Они оба поднялись, чтобы выслушать известие. Инстинктивное движение, дань уважения отошедшему в мир иной.

— Я не знаю, как это могло быть, — произнесла доктор Курчи, — но ваш друг выдержал операцию.

Джьянни посмотрел на безмерно уставшую женщину в измятом и покрытом пятнами врачебном одеянии и вдруг понял, как она прекрасна.

— Спасибо вам за все.

— Не спешите благодарить. Он может умереть через час.

— Где он теперь? — спросил Джьянни.

— В реанимации.

— А что потом?

— Потом понадобится интенсивное хирургическое лечение.

— Я должен находиться при нем.

— Это не разрешается.

— Я не могу оставить его одного, — взмолился Джьянни. — Они уже были здесь, они его ищут. Эти удалились, но придут другие. Они прикончат его, будьте уверены. Вы знаете эти вещи лучше меня.

— Идемте со мной, — подумав, предложила Елена Курчи. Она велела Джьянни надеть стерильную маску, шапочку и халат и усадила его в углу комнаты за экраном. Он сидел там с пистолетом в руке и прислушивался к негромким, но пугающим звукам мониторов.

Вот что я причинил этому человеку и его семье.

Глава 54

Настало утро — и Пегги приняла решение. Сегодня она это сделает.

Она лежала в постели на животе, опустив подбородок на сложенные руки. Она думала о своем муже и о своем ребенке, о том, что они должны быть все вместе. Думала до тех пор, пока совершенно себя не истерзала. Я не должна так делать. Иначе я стану бесполезной.

Несколько прядей волос упали ей на глаза, и она смотрела в окно сквозь эти пряди.

Она видела несколько кустов и дерево поблизости и горы в отдалении. Порыв ветра налетел со стороны гор, надул тонкую белую занавеску и прижал ей к лицу. Поток бежал неподалеку, внизу за домом, и хотя Пегги не видела его, но слышала шум воды и дыхание ветра над потоком. Вода шумела так близко, что, казалось, плеснет ей на ноги и омоет их.

Немного погодя она встала с постели и искупалась в ручье. Она не была голодна, но поела, потому что привыкла начинать с этого день и не хотела ничего менять.

Потом она занялась делами, которые считала нужным сделать. То была часть обычного порядка, заведенного ею для себя, — как будто наведя порядок в малом, в мелочах, она могла сгладить тот беспорядок, который грозил разрушить целое.

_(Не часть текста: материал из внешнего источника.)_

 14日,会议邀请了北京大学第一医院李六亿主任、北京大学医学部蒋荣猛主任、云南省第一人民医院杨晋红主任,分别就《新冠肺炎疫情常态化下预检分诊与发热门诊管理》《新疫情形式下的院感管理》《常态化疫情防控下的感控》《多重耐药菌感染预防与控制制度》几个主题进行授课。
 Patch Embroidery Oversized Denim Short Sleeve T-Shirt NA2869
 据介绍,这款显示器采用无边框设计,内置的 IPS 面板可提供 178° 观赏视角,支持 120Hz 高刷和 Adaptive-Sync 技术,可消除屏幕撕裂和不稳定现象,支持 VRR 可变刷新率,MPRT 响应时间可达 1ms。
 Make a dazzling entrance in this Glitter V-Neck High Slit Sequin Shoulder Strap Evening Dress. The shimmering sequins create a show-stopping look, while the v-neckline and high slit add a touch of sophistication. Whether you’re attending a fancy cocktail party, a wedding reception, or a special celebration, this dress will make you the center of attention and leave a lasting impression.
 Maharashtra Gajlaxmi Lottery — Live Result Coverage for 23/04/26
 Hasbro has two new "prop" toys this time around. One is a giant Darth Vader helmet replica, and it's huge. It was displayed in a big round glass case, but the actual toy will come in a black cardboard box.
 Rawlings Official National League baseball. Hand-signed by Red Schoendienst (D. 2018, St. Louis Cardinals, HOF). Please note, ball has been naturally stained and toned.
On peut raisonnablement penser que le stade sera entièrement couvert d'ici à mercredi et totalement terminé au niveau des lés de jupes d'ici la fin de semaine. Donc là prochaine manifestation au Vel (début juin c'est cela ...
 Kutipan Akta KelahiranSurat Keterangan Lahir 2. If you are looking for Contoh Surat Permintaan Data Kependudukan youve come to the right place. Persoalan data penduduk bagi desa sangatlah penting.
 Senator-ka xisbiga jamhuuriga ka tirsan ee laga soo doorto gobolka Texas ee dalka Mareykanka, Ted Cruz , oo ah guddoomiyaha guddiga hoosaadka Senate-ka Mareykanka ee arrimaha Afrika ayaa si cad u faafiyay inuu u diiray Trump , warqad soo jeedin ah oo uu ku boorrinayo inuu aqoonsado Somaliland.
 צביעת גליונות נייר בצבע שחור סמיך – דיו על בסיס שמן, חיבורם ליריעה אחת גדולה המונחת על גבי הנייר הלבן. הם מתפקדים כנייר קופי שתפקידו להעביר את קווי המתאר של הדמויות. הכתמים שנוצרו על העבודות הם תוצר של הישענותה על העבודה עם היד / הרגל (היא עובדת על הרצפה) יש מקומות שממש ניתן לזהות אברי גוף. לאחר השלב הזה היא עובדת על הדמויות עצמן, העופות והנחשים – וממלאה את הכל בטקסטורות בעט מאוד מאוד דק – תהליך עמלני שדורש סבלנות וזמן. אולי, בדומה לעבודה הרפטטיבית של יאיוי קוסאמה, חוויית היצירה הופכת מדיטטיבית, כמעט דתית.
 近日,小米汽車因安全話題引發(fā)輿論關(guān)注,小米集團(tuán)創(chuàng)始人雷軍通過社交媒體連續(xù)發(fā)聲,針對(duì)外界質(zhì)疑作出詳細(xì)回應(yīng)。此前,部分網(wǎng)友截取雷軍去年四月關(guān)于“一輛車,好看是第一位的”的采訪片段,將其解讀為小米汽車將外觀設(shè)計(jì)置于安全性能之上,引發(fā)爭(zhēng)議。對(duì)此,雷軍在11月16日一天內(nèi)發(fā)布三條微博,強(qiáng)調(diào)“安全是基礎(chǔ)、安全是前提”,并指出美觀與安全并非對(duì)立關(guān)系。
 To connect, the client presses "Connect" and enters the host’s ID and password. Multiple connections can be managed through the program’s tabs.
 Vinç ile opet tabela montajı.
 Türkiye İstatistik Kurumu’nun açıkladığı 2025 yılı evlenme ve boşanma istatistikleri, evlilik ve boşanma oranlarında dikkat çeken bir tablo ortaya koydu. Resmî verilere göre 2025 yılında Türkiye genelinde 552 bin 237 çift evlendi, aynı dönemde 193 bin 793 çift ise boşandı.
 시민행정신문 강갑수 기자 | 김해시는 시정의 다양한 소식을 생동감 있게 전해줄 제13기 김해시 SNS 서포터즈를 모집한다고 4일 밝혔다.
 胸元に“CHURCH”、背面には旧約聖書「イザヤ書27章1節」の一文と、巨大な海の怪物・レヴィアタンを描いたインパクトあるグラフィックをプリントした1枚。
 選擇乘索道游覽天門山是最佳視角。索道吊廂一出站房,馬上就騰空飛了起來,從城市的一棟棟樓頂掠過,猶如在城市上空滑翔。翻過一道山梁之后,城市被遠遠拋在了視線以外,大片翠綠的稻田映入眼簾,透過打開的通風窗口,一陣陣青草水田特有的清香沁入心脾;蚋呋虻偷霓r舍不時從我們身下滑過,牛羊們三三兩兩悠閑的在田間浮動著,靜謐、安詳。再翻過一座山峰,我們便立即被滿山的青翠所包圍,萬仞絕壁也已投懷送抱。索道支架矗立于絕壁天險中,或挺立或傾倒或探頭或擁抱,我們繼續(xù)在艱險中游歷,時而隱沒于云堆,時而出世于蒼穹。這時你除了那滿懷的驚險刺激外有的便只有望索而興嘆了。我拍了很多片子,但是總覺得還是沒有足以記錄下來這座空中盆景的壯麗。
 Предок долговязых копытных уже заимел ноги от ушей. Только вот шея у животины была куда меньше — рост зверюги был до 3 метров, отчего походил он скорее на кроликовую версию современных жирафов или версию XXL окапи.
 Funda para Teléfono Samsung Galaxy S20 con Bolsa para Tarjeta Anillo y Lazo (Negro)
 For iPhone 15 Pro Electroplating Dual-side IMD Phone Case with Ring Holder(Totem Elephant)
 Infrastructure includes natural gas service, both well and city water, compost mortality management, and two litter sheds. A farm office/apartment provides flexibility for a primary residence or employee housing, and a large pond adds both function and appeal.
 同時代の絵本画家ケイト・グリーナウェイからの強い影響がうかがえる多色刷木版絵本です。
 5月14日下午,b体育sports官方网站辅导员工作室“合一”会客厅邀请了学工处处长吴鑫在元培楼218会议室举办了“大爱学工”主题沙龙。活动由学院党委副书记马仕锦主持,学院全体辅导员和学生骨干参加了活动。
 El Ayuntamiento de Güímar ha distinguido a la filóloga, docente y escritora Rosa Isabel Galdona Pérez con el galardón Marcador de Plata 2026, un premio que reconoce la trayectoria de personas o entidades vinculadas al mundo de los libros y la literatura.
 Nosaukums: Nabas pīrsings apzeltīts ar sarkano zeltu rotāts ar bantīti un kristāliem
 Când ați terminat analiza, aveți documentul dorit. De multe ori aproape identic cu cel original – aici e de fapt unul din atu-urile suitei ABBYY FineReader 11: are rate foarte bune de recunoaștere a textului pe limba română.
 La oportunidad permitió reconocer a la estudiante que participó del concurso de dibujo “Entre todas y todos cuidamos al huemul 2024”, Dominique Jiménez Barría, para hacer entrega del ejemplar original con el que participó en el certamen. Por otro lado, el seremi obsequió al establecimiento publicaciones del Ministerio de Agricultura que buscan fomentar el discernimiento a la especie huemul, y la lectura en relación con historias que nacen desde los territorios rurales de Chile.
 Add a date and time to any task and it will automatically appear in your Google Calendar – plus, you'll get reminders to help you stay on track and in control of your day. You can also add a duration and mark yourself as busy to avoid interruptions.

Она не имела представления, жив Витторио или погиб, но написала ему записку. На тот случай, если он вернется сюда, она не хотела, чтобы он мучительно гадал, куда она подевалась. Оставила несколько неразборчиво исписанных листков в том месте, где они условились оставлять такие вещи, если потребуется.

Под конец Пегги начала двигаться все быстрее и быстрее, словно быстрота движений сама по себе могла удержать ее от размышлений.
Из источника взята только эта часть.